The point that has often been raised in recent times is that the banks view priority sector lending
as means of subsidising the larger corporates. The prime-lending rate (PLR) is the risk-adjusted
rate for the best corporates (AAA rated and the like). Yet, banks lend to the best corporates at
sub-PLR rates. Banks usually compensate themselves by overcharging the priority sector. The
rationale for this could be that they seek to earn a return on capital on the overall relationship
with corporates. The return includes not just interest income but fee income as well. Besides, big
corporates bring to banks large volumes of low-cost deposits that lower the cost of funds. As a
result, banks can afford to price loans below the risk-adjusted rate where large corporates are
concerned, for the other elements in the risk-return trade off ensure that the return on capital
meets the hurdle rate for the bank.

Thus, there are several reasons due to which banks tend to shy away from priority sector lending:

 Small businesses do not generate much fee income. Hence, they are expected to be
charged the risk-adjusted rate for loans. At the same time the RBI disallows banks to
charge rates above 14% to the priority sector.

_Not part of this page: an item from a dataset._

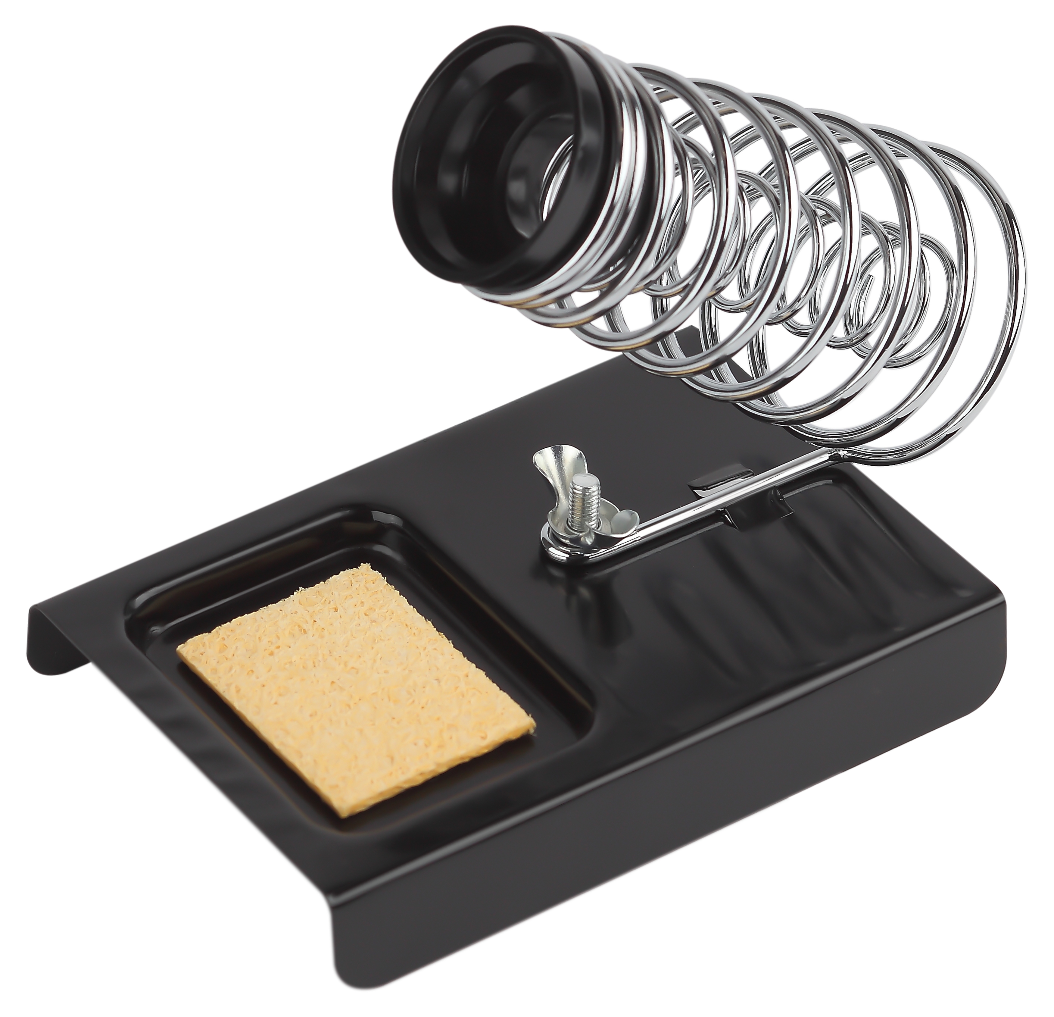Подставка под паяльник Применяется для хранения паяльника вовремя его нагрева и в перерывах между работой.Паяльник легко и удобно умещается в направляющую закреплённую на устойчивой штампованной платформе с ложементом под губку. Губка для очистки жала от припоя идёт в комплекте.

 The latter part of the 90's was a bad period for small
businesses and many banks burnt their fingers with them.
The business environment has since improved and small
businesses that survived are poised to do well. Infact, the
RBI data on net NPAs clearly shows that the priority
sector lending has offered better asset quality to banks.
But estimates of risk based on past data are bound to be
biased upwards and hence banks peg the lending rates for
SMEs on the higher side, which in turn is unviable for
the smaller corporates.

 Risk appraisal norms are not clearly defined for the priority sector. Especially, in cases
where is paucity of well-recorded financial data, quantification of risk becomes difficult.

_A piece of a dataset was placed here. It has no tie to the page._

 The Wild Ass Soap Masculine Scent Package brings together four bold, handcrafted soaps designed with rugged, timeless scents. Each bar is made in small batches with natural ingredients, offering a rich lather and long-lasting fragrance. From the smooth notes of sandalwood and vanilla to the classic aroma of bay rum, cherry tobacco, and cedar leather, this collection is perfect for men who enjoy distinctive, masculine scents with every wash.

The RBI's report on overall priority sector lending is singularly uninspiring. Most private banks
have failed to meet the target of 40% of bank credit as also the sub-target of 18% for agriculture.
Even, within priority sector lending, housing loans enjoy a majority proportion because of their
lower risk profile. The tenor of the report suggests that the group regards priority sector lending
merely as a social obligation. This is an incorrect reading in today's context. While the larger
corporates enjoy a better bargaining power, the less fortunate SMEs at times fail to garner the
much-needed funds.

Banks therefore, need to correct the distorted image of priority sector lending and capitalise on
the opportunity of harvesting on the higher yielding assets (as compared to AAA corporates),
especially at a time when margins are under pressure. With rating agencies such as CRISIL
(CRSL.BO, news) now offering rating services for SMEs, risk appraisal for such ventures is also
no longer a hurdle. Such action will not only help banks distribute their risks over a larger asset
class but also position them at a competitive advantage with respect to foreign banks, the latter
having very little penetration for priority sector lending. The rules of the game have thus changed
and banks need to get their priorities right!